USENET (which still exists, by the way) was even more like Reddit than ISCA was. A huge collection of "newsgroups" on basically every topic under the sun. There was no DM component but people would often converse in threads, and if they didn't do that, there was email. 

This place was bottomless, and I hit rock bottom looking for its bottom. If I told you how much time I spent on there you probably wouldn't believe me. Okay, here goes: at my worst, I averaged more than sixteen hours a day.

Scary, eh? Cocaine might have been less damaging. 

Some good did come out of it, before it got overwhelming. I was maybe "only" spending eight hours a day online on average when I "met" a woman named Cathy in the USENET group "soc.penpals". She was looking for friends: she found one. 

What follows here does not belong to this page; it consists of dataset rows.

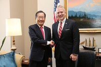 방미 중인 자유한국당 홍준표 대표가 26일(현지시간) 문재인 대통령에게 일 대 일 안보 영수회담을 제의했다. 홍준표 대표는 이날 기자들과 만나 "안보 영수 회담을 제의하겠다"며 "미국 조야의 분위기와 우리가 취득한 북핵에 대한 대처 방안을 대통령과 만나 상의를 하는 것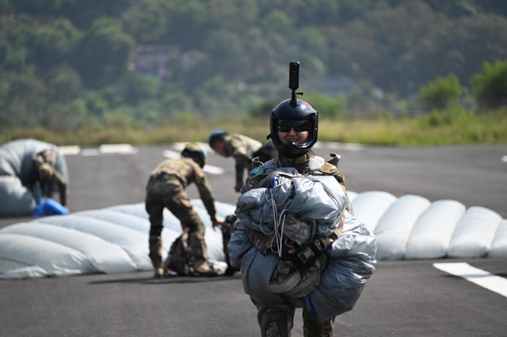 Военнослужащие Десантно-штурмовых войск Вооруженных сил РК ефрейторы Балжан Мусатаева и Маржан Сайранова выполнили сложные прыжки в предгорье Гималаев на учениях «КазИнд-2024».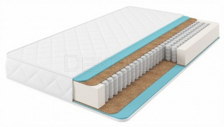 состав слоев:классический несъемный чехол жаккард стеганый на синтепоне, ППУ - 15 мм (с каждой стороны) настил из усиленного кокосового волокна - 5 мм (с каждой стороны), блок независимых пружин Pocket Spring 500 шт на спальное место - 120 мм

As our relationship deepened, the rest of my life was still a slow motion dumpster fire. At the time, I was living on the second floor of a large house in Uptown Waterloo. I began spending more and more time in the Lutheran Student House where Cathy lived. I'm still friends with one of her housemates -- a woman who met her partner on ISCABBS after I introduced her to it! 

More and more time, yes. I stopped paying the rent on the Allen St shithole and was living in LSH full time and rent free...for about six months. Then one night I went back to Allen St to retrieve something or other. Unlocked the door and was staring down the barrel of a gun.

I had keys to a house that was no longer my house in any way. All of my stuff had been disposed of when the house sold. Whatever I didn't have at Cathy's -- which, to be fair, was a pretty full wardrobe and hell, everything I REALLY needed -- everything else was gone forever.

I had completely ditched the whole idea of classes by this point. I think I went to four lectures in all of third year, and I didn't bother writing any of the final exams. The only reason I went on campus at all was to get in that computer room and log on, using Cathy's account because I no longer had one. I wrote a Korn shell program that ran to hundreds of lines, creating a whole text interface for both of us. Probably should have majored in computer science and not H.E.L.L. (Honours English Language and Literature). 

I lied through my teeth to everyone. I was just taking a year off, that was all, I needed a break. (I was already broken.) Of course I would go back and get my degree. These were all fictions I told just to keep the world away from me as I self-destructed.

I would never go back. The Laurier rent-a-cops were dead certain I was plotting to murder a professor (I'm not making this up! Story here) and while I wasn't, at all, I might if I ever had to see his phiz again. I would never have people trying to force booze down my throat.  I would never hear professors say "undergrad" like it was a sexually transmitted infection. And I would never live whatever life it was my parents imagined for me. Bereft of the credential, I simply exist. 

I could blame my parents: their zeal to get me out of the house was a bit unnerving, and I CLEARLY left home far too early. I could blame the residence environment for making it impossible to sleep at night. I do blame the professors and the whole "you sit, The Learned One Is About To Expound" model of university education. And of course I could blame the internet, which hooked me but good.

But ultimately? I blame myself, or I did. I've stopped in recent years: no point in it. I'm convinced everyone fucks up their twenties. I just did it better and more thoroughly than most.